Agile and  Modern IT Solutions

A prominent digital commerce company spanning nearly 20 countries, boasting a diverse team of designers, marketers, creatives, data scientists, and software engineers, faced the task of resolving authentication issues within their DUO system. This initiative addressed authentication challenges for over 5,000 users and 3,000 Windows machines, encompassing ADFS, LDAP, DUO, Windows HELLO, and auto-enrolment.

Our team conducted a comprehensive assessment of the client's DUO implementation in collaboration with a senior engineer to address the authentication issues. A robust redesign of the authentication system was executed and rigorously tested to ensure seamless functionality. Furthermore, client-side administrators were actively involved in training and knowledge transfer sessions to equip them with the necessary skills to maintain the optimised design in the long term.

Our client has initiated a comprehensive evaluation and approval process for the Google Cloud platform, aiming to align with the stringent security standards outlined in the GC Canadian Centre for Cyber Security (CCCS) Cloud Security Controls profile of Protected B, Medium Integrity, Medium Availability (PBMM). This endeavour involves meticulously examining the Google Cloud environment to ensure compliance with the specified security controls. This enables the organisation to enhance its cybersecurity posture and safeguard sensitive data following industry best practices.
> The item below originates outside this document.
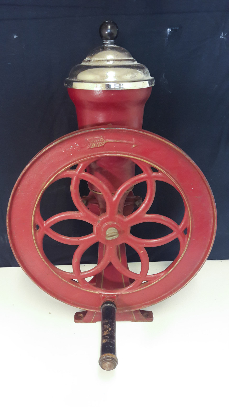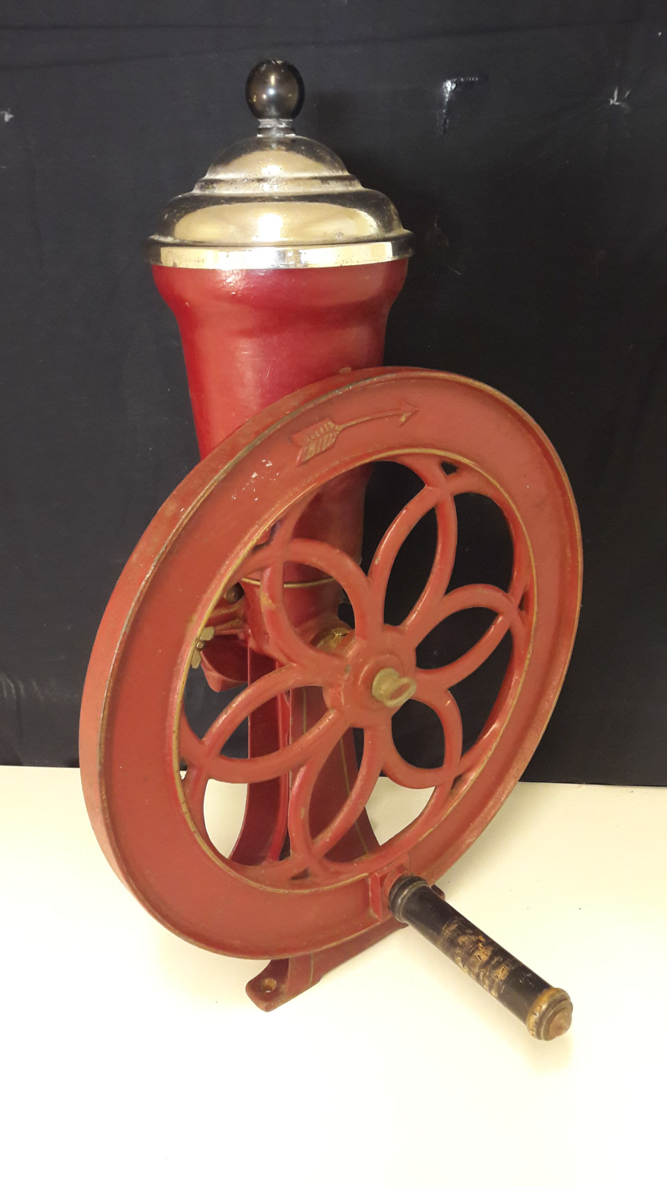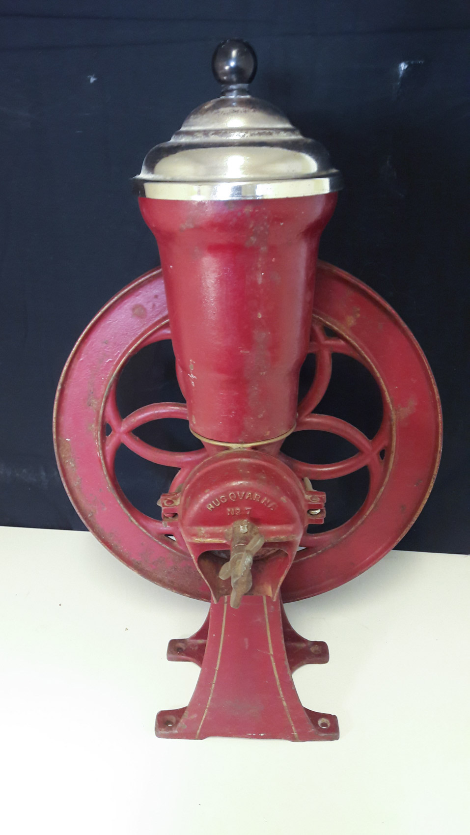Valurautainen kahvimylly, 1900 luvun alku, Korkeus 65cm Halkaisija 42cm, väri punainen, puinen kahva, Huskvarna no 7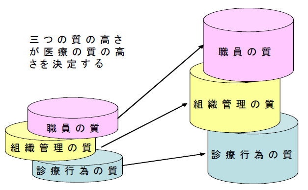 医療の質とは、診療行為の質、提供体制(組織管理)の質、職員の質である。医療における質保証とは、それらすべての質を保証することである。

The project meticulously outlined procedures for collecting crucial evidence to ensure compliance with security controls. Tailoring of the Canadian Centre for Cyber Security's ITSG-33 Security Requirements Control Matrix (SRTM) specifically addressed PBMM requirements within the Google Cloud ecosystem. Each security control's evidence-gathering process underwent thorough scrutiny against established standards to confirm correct implementation and adherence to stipulated criteria. This method facilitated a comprehensive assessment of the security landscape, empowering the organisation to rectify deficiencies and bolster cybersecurity resilience significantly proactively.

Our client is undergoing a comprehensive infrastructure modernisation initiative to implement a cutting-edge security framework aligned with Zero Trust principles. By leveraging our expertise, the client is strategically aligning with the NIST Zero Trust maturity model, selecting top-tier products for seamless integration to fulfil the specific capability needs of each maturity model pillar. This strategic approach is poised to establish a state-of-the-art data centre and infrastructure fortified by robust zero-trust security protocols.
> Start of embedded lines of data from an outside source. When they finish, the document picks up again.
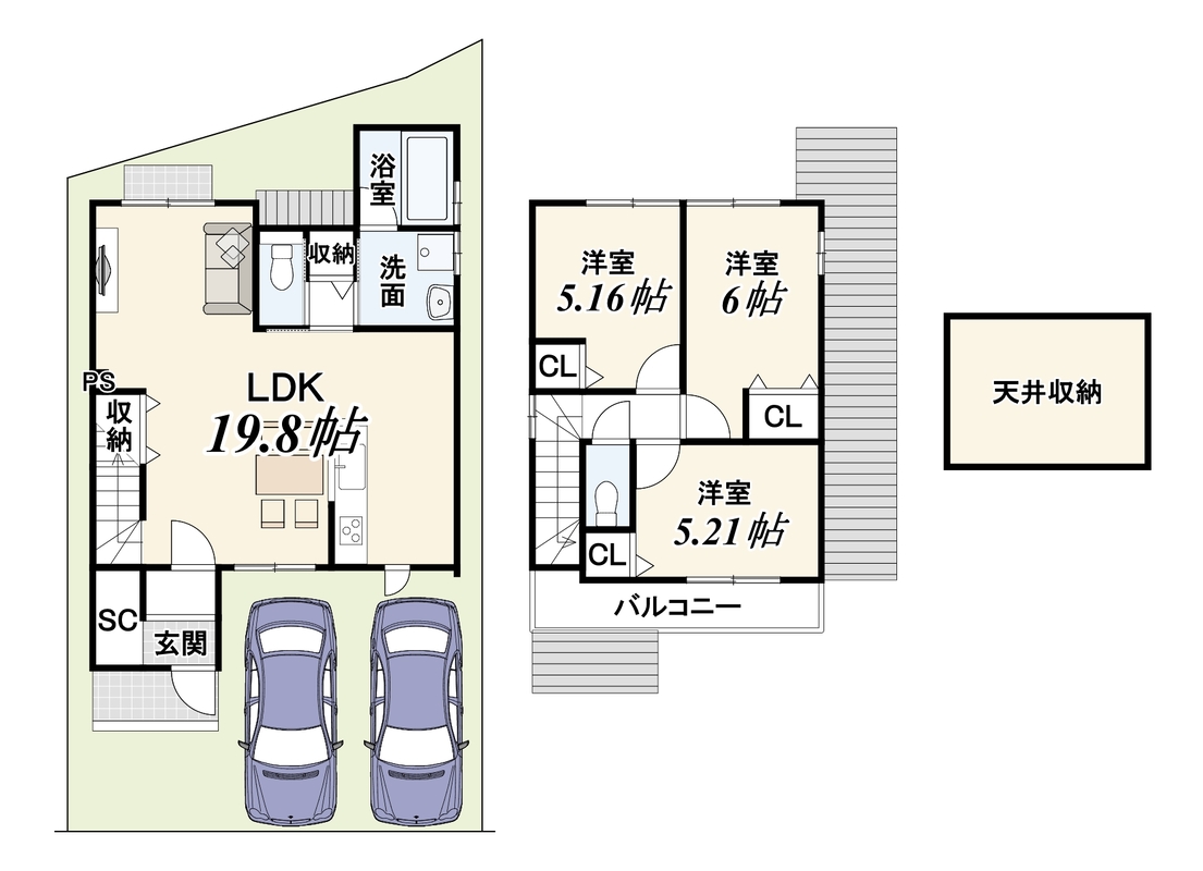 - ※完成予想図やCG合成画像は、門塀・植栽・庭・外観等、実際とは多少異なる場合があります。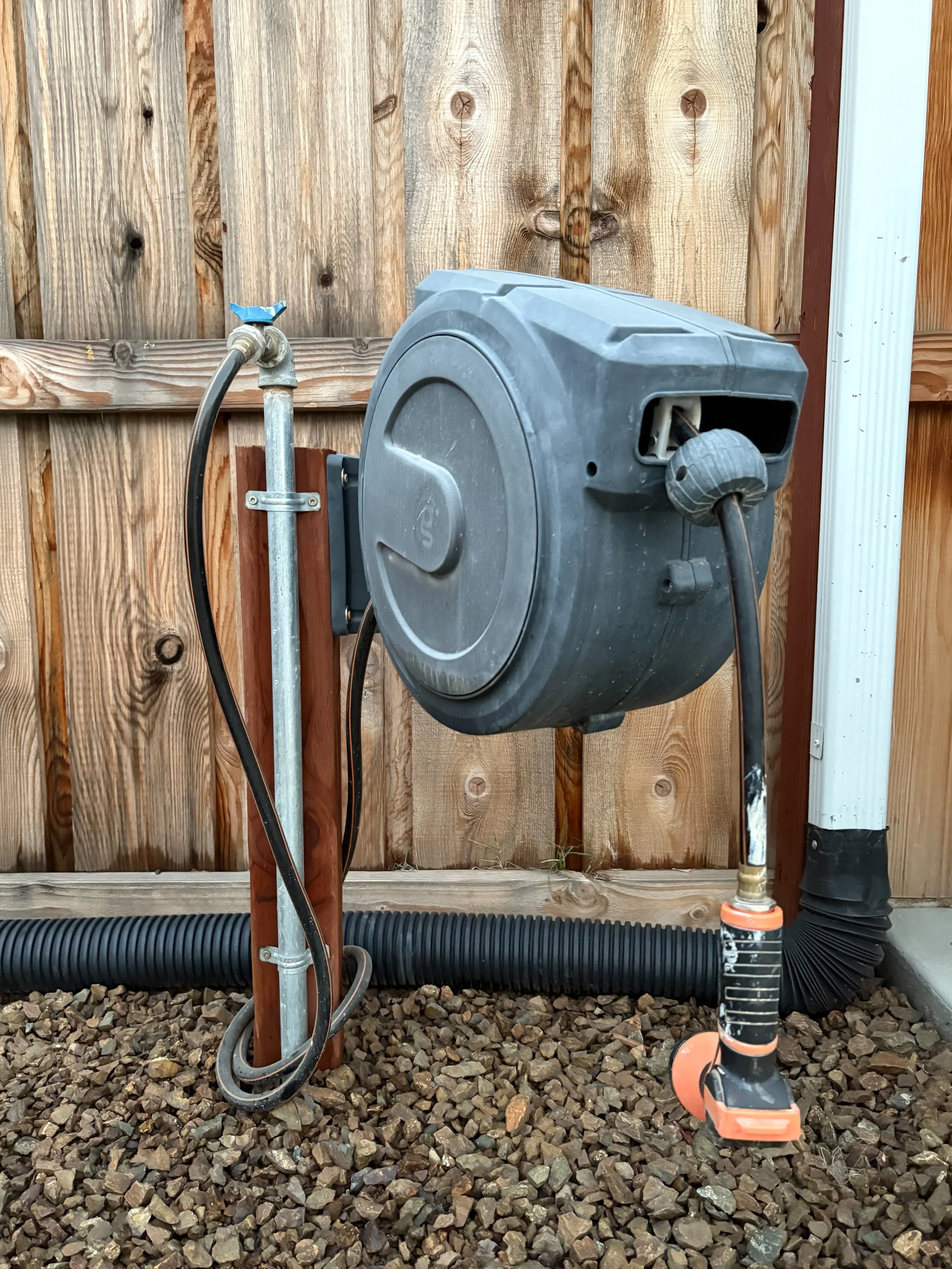Side view of a mounted retractable garden hose reel attached to a wood post with exposed plumbing line. Demonstrates professional exterior hose management and outdoor water system improvements performed by a local handyman.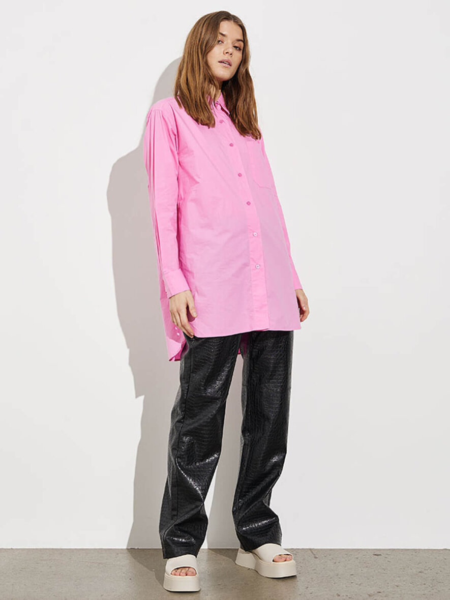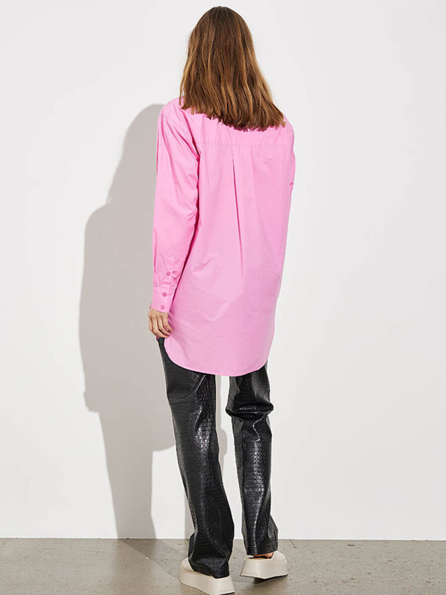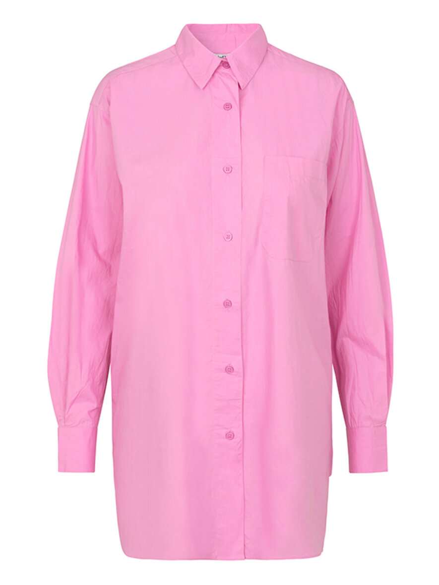 Lækker skjorte fra mbyM i en smuk pink farve. Klassisk krave med knapluk ned foran og en brystlomme. Lange ærmer med manchetknapluk. Skjorten er en smule længere i modellen end en almindelig skjorte. Let runding forneden og en smule længere bagtil. Max 5% krymp.

To address the needs of the users and device pillars, we strategically utilised key Microsoft technologies, including Microsoft Entra (Azure AD) for robust identity management and Microsoft InTune for efficient device management. Our approach also involved leveraging tools such as Gitlab, Microsoft Purview, and TrendMicro to enhance data and application management while ensuring top-notch security measures. Considering the client's substantial on-premises network infrastructure with a mix of cloud services, we integrated VMware NSX-T to implement effective east-west micro-segmentation. This decision enhances network security and optimizes overall network performance. Moreover, we meticulously configured a suite of cutting-edge tools to fulfil the Automation Orchestration pillar requirements, including Microsoft Sentinel, Ansible, Elastic, Gigamon, and Microsoft Defender. This comprehensive setup ensures seamless automation and orchestration and enhanced visibility and analytics across the network infrastructure.